Özel gereksinimli bireylerin günlük hayatta yaşadıkları zorlukların temel kaynağı, doğuştan ya da yaşadıkları olaylar sonucunda organlarını gerektiği kadar kullanamamasından değil, insanların gerekli hassasiyeti göstermemelerinden kaynaklanmaktadır.
Toplum içerisinde sıklıkla rastladığımız 'Engelli park aracı' yerine bilinçsizce otomobillerin park edilmesi, görme engelli bireylerin güvenli bir şekilde yürüyebilmeleri için tasarlanan kabartmalı sarı çizgi önüne ağır yüklü bir cisim ya da saksı koyulması gibi yapılan hatalı davranışlar, özel gereksinimli bireylerin işini iki kat daha fazla zorlaştırıyor.
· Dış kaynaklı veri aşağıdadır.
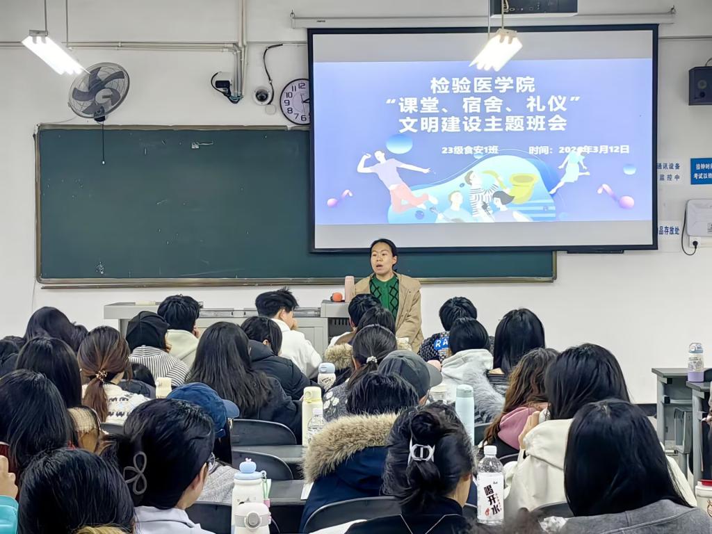 会上,杨颖围绕课堂文明、宿舍文明、礼仪文明三大核心板块,带领同学们系统学习了文明校园建设的具体要求。在课堂文明方面,重点强调了考勤纪律、课堂规范,号召同学们按时上下课、专心听讲、诚信应考,自觉维护良好的课堂秩序;在宿舍文明建设中,明确了安全纪律、内务卫生与优良舍风的标准,杨颖辅导员提醒同学们杜绝违规电器与不文明行为,共建整洁有序、互助向上的宿舍环境;在礼仪文明层面,引导大家注重仪容仪表,使用文明用语,主动问好、礼让他人,在人际交往中践行谦和友善的医学生素养。

Peki, Peygamber Efendimiz (SAV)'in özel gereksinimli bireylerle ilişkisi nasıldı? İşte yanıtı..
Hz. Aişe (r.a)' nın ''O'nun ahlakı Kuran-ı Kerim idi'' dediği, davranışları ve sözleri ile her zaman bize örnek olan Peygamber Efendimiz (SAV), sağlıklı insanların özel gereksinimli bireylere karşı nasıl davranmaları gerektiği yönünde tavsiyelerde bulunmuştur.
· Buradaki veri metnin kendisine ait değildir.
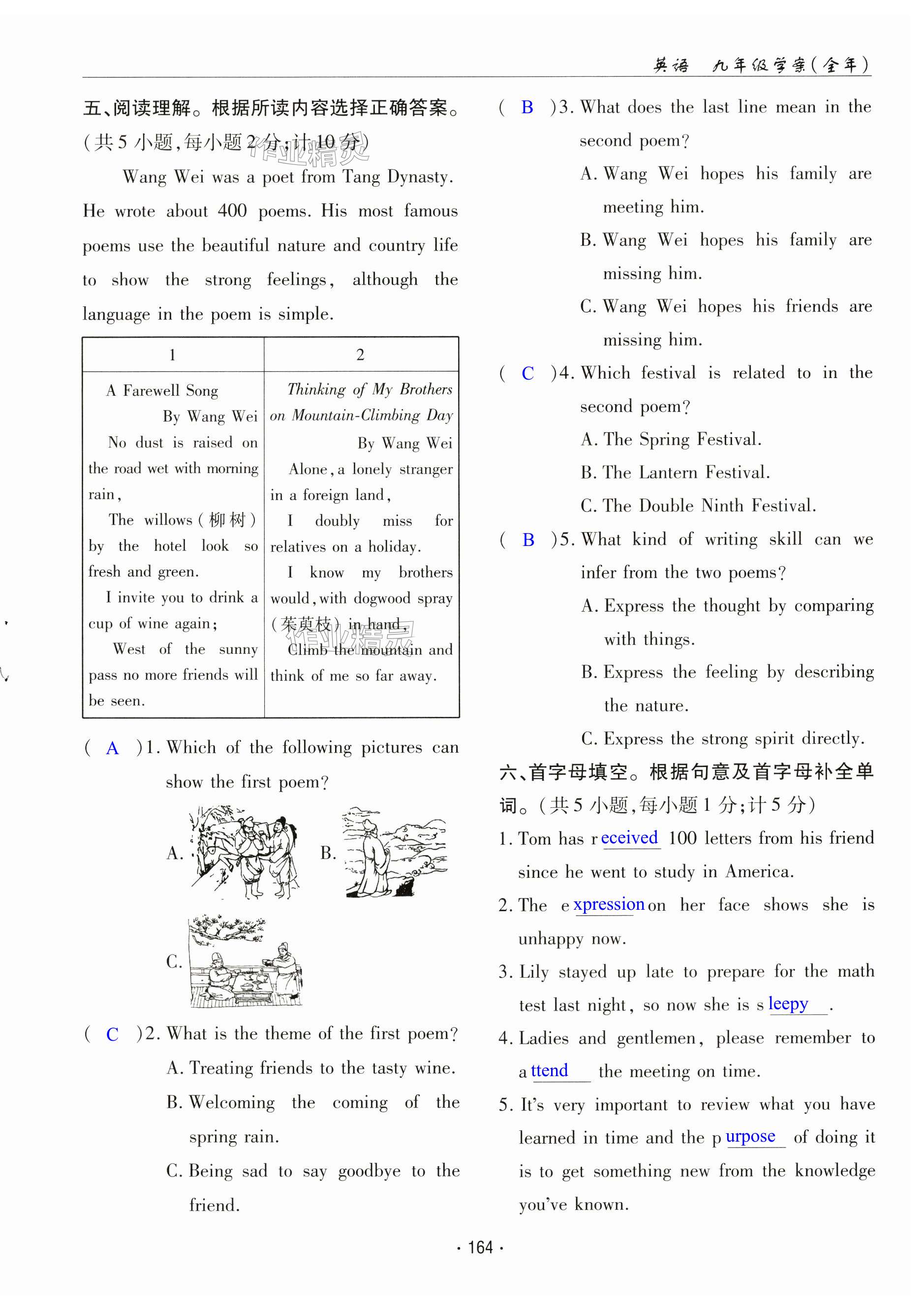 注:目前有些书本章节名称可能整理的还不是很完善,但都是按照顺序排列的,请同学们按照顺序仔细查找。练习册 2024年文科爱好者九年级英语全一册人教版 答案主要是用来给同学们做完题方便对答案用的,请勿直接抄袭。

Bilhassa gözleri görmeyen bireylere daha çok hassasiyet gösterilmesi gerektiğini söyleyen Peygamber Efendimiz (SAV),
“Âmâ'ya veya yol sorana yol göstermen, sadakadır. Güçsüz birine yardım etmen, sadakadır. Konuşmakta güçlük çekenin meramını ifade edivermen sadakadır.” (İbn Hanbel, V, 152, 169.) buyurmaktadır.
Sadaka vermeye durumu elverişli olmayan bir kişi, “Herhangi bir mal varlığımız yoksa sadakayı nasıl verelim?” diye sorunca Efendimiz (SAV)'in “Sadakanın kapılarını, âmâlara yardım etmek, sağır ve dilsizleri anlayana kadar dinlenmek, bir insana ihtiyaç duyduğu nesnenin yerini göstermek, yardım isteyen birine gücümüz yettiği kadar yardım etmek ve güçsüzlere kol kanat germekle açabiliriz.” yanıtını verdiği bilinmektedir.